§ Problem
Write out word for word the lines from the one holding "-Костюм комбинированный из" through the end of the data, and only those lines. Pictures stay out.

§ Data below
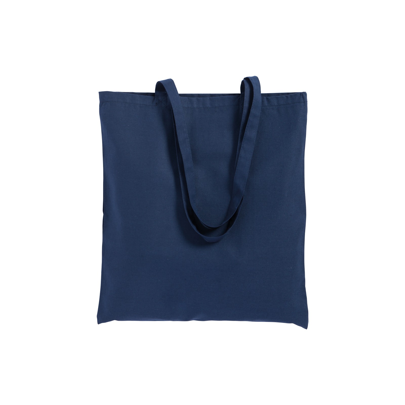 Shopper aus recycelter Baumwolle/Polyester 180 g/m2, lange Griffe. Bei dunklen Beuteln wird aufgrund des hohen Polyesteranteils empfohlen, für den Siebdruck Antisublimationstinte zu verwenden.
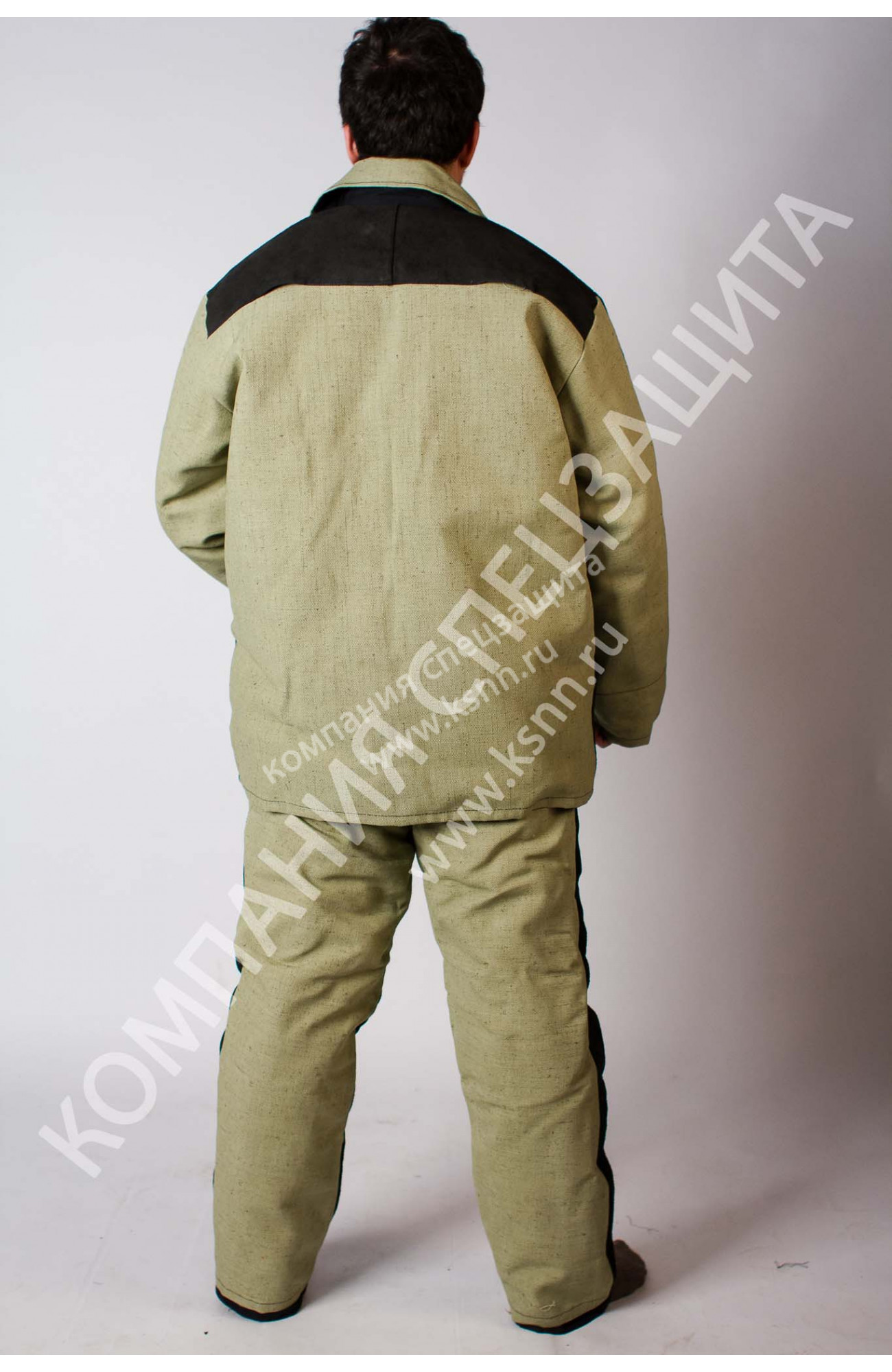 -Костюм комбинированный из спилка и парусины полульняной, состоит из куртки, брюк и пристегивающейся утепленной подкладки.
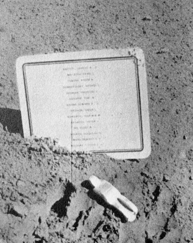*Табличку с 14-ю именами астронавтов и космонавтов Скотт сделал сам, дополнить лунную скульптуру таким элементом было его решением.
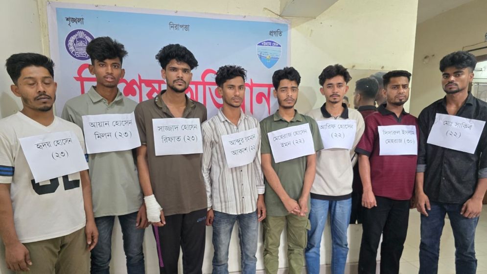 গ্রেপ্তাররা হলেন— দিদারুল ইসলাম মেহেরাজ, আব্দুর রহমান আকাশ, সাজ্জাদ হোসেন রিফাত, আয়ান হোসেন মিলন, আরিফ হোসেন, হৃদয় হোসেন, মো. সাকিব ও মেহেরাজ হোসেন ইমন। তারা দেওপাড়া, লতিফপুর, পশ্চিম লতিফপুর ও পাঁচপাড়া এলাকার বাসিন্দা। বুধবার সারাদিন অভিযান চালিয়ে পুলিশ তাদের গ্রেপ্তার করে।

§ Worked solution
 -Костюм комбинированный из спилка и парусины полульняной, состоит из куртки, брюк и пристегивающейся утепленной подкладки.
*Табличку с 14-ю именами астронавтов и космонавтов Скотт сделал сам, дополнить лунную скульптуру таким элементом было его решением.
 গ্রেপ্তাররা হলেন— দিদারুল ইসলাম মেহেরাজ, আব্দুর রহমান আকাশ, সাজ্জাদ হোসেন রিফাত, আয়ান হোসেন মিলন, আরিফ হোসেন, হৃদয় হোসেন, মো. সাকিব ও মেহেরাজ হোসেন ইমন। তারা দেওপাড়া, লতিফপুর, পশ্চিম লতিফপুর ও পাঁচপাড়া এলাকার বাসিন্দা। বুধবার সারাদিন অভিযান চালিয়ে পুলিশ তাদের গ্রেপ্তার করে।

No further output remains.